TinyML for Solar Panels: Bringing Edge Computing Applications to Solar Energy Systems w/ Archana Vaidheeswaran
Time: 3:30-4:00PM PDT
With the advent of IoT devices, it has become essential to utilize their data and run inference on the edge. TinyML is the use of Edge devices which can be used for running machine learning models at the edge. There are several advantages of using edge computing. The field of Solar Energy Systems holds immense potential for edge computing.
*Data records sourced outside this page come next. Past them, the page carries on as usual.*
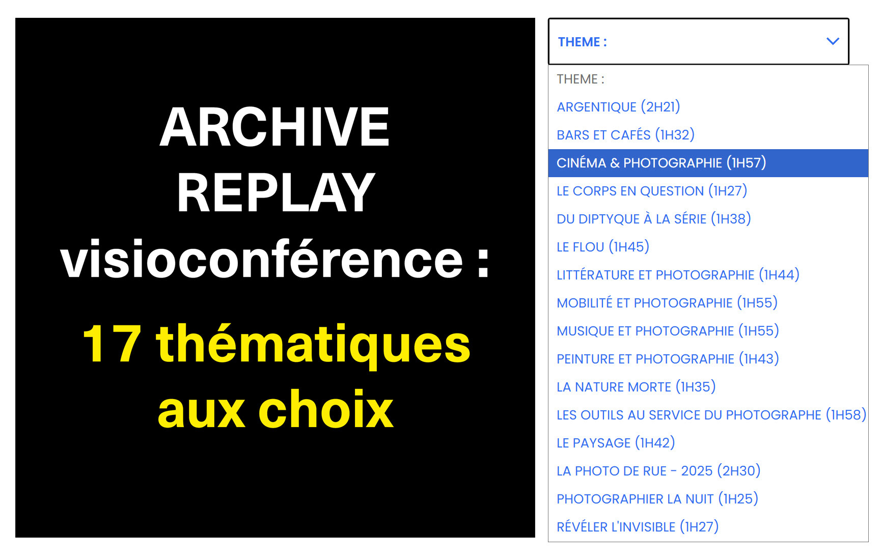 "Une possible histoire du portrait","Peinture & Photographie", "La photo de rue", "Scénographier son exposition photographique", "Le corps en question", "Littérature et photographie", "La question de l'intime", "Photographie & Surréalisme", "La nature morte photographique", "La question du support", "Le post-traitement, comment et jusqu'où ?", "L'inspiration en Photographie"...
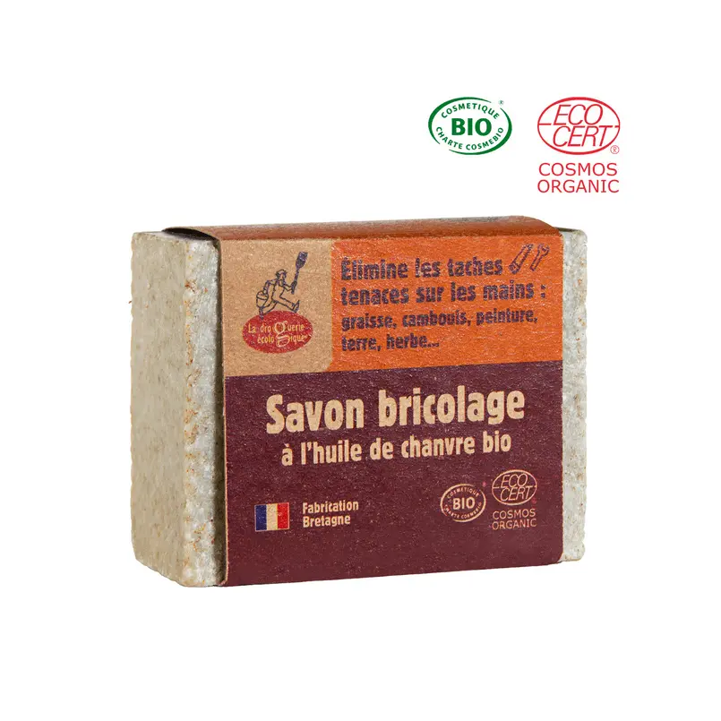 Le Savon du bricoleur bio (150g), proposé par Ker-Gaïa, est conçu pour éliminer les salissures tenaces tout en respectant la peau. Saponifié à froid à partir d’huile de chanvre bio, ce savon 100% naturel intègre une poudre de noyau d’olive pour déloger herbe, peinture, graisse et cambouis. Certifié Cosmos Organic par Ecocert Greenlife, il nettoie en profondeur sans agresser, idéal pour les bricoleurs passionnés. Fabriqué en Bretagne dans une huilerie-savonnerie, il allie tradition et écoresponsabilité. En pain recyclable, il s’inscrit dans une démarche zéro déchet. Parfait après une journée de travail manuel, il laisse les mains douces et revitalisées. Adoptez ce savon pour un nettoyage puissant et une peau préservée !
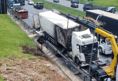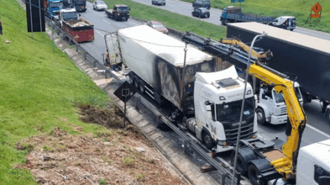 Uma carreta carregada com frios e laticínios pegou fogo na madrugada desta sexta-feira (20), na BR-116, no bairro Umbará, em Curitiba, e foi alvo de furto de carga...
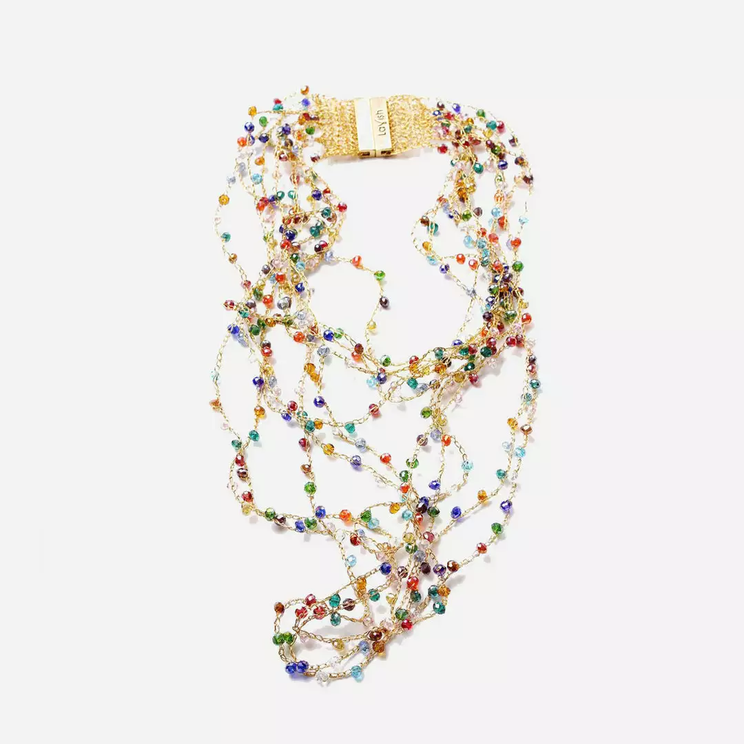 This Multi String Beaded Crochet Necklace is our new favorite statement making piece of jewelry. Layers of colorful stones and crystals add a textural detail to this bold necklace.
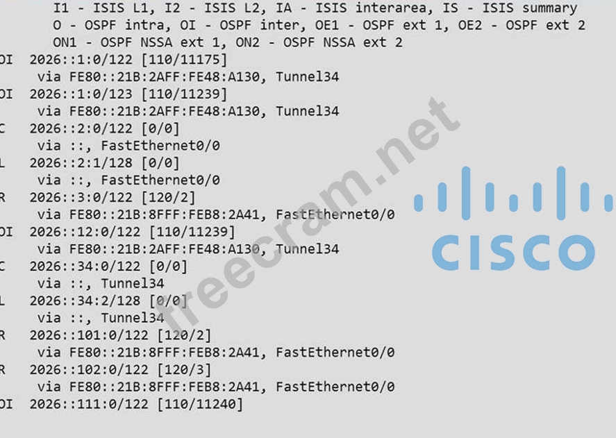 The implementation group has been using the test bed to do an IPv6 'proof-of-concept1. After several changes to the network addressing and routing schemes, a trouble ticket has been opened indicating that the loopback address on R1 (2026::111:1) is not able to ping the loopback address on DSW2 (2026::102:1).
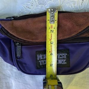 Vintage Purple Northwest Territory Fanny Pack with Suede Lining and 3 Pockets (2 in front, 1 in back). Long adjustable strap. Some signs of wear, but in good condition. Functional and ready for your next adventure!
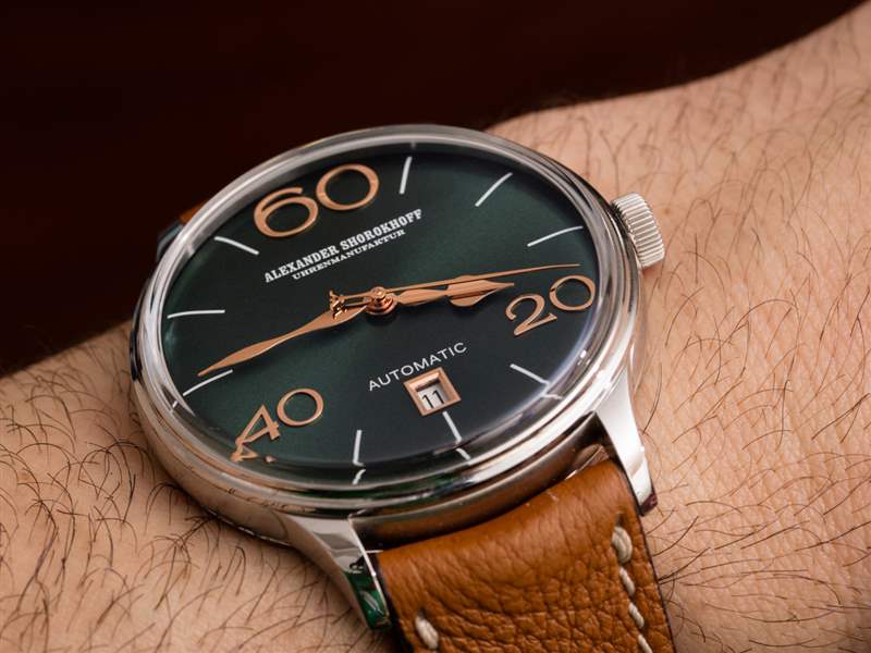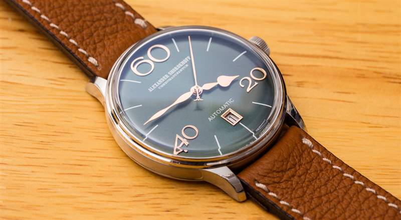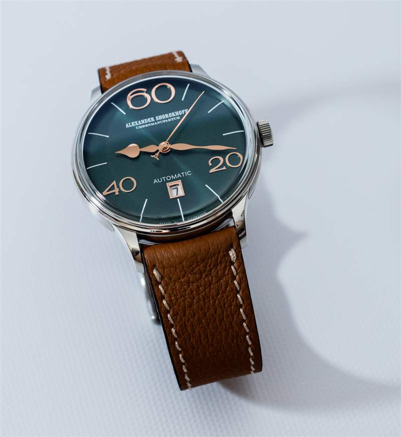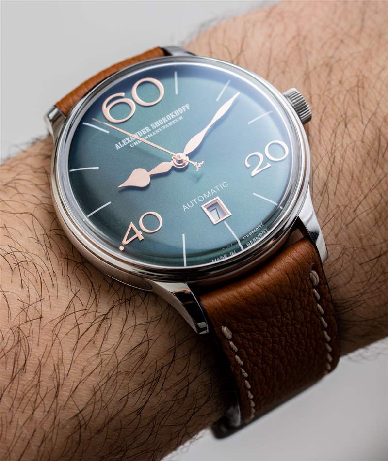 Alexander Shorokhoff 為 Model 63 提供四種表盤顏色,包括圖中的“翡翠綠”、“午夜藍、深黑”和“波爾多”。據(jù)我估計,這些顏色中的每一種在搭配盡可能接近表盤顏色的表帶時都會看起來最好,盡管添加黑色或棕色表帶顯然是最保守的選擇。再說一次,我不確定 Alexander Shorokhoff 作為一個品牌是否適合保守的鐘表佩戴者。
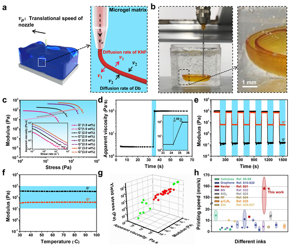 在MSP策略實施過程中,沉積在微凝膠基質中的KNF墨水立即進行部分溶膠-凝膠轉變,基質可臨時支撐未完全凝膠化的KNF線條直至其完全凝膠老化。研究發現,利用二甲基亞砜(DMSO)和卡波姆(Carbopol)的分散-質子化凝膠作用,以及1,4-二溴丁烷(Db)的化學交聯作用,Db可在KNF的氮負離子位點進行取代反應,從而在相鄰KNF線條間形成共價烷烴鍵,促進相鄰KNF打印線條之間的粘附力,進而保證結構的完整性。此外,在針頭直徑一定的情況下,墨水的擠出速率(νe)、針頭的移動速率(打印速度,νp)、基質中KNF(ν1)和Db(ν2)的雙擴散速率共同影響著KNF打印線條的形態和直徑。由于MSP策略中微凝膠基質的輔助作用,擠出打印方法對墨水的流變性要求不嚴格,打印速度大大提高(高達167 mm s-1),遠高于文獻報道的打印速度(通常小于20 mm s-1),提高了制備效率。

In this talk, we will cover three applications of edge computing. The first application is the Estimation of Power Loss of Solar Panels. Soiling on solar panels can cause more than 30% of power loss in PV system generations. There have been some attempts in utilizing deep learning in soiling detection and the corresponding power loss estimation. However, the proposed methods costly GPU, which is not economically suitable for detecting soiling in remote solar farms. To take care of both of the accuracy and cost, this work proposes a lite model that can be implemented on edge computing devices, such as Raspberry Pi, EdgeTPU, FPGA, and VPU The second application is the continuation of the first into the detection of soiling and its classification through an opensource dataset called PV Net. The last application is solar irradiance forecasting using sky images. Real-time irradiance measurements can be found through satellite or can be obtained from ground sky images.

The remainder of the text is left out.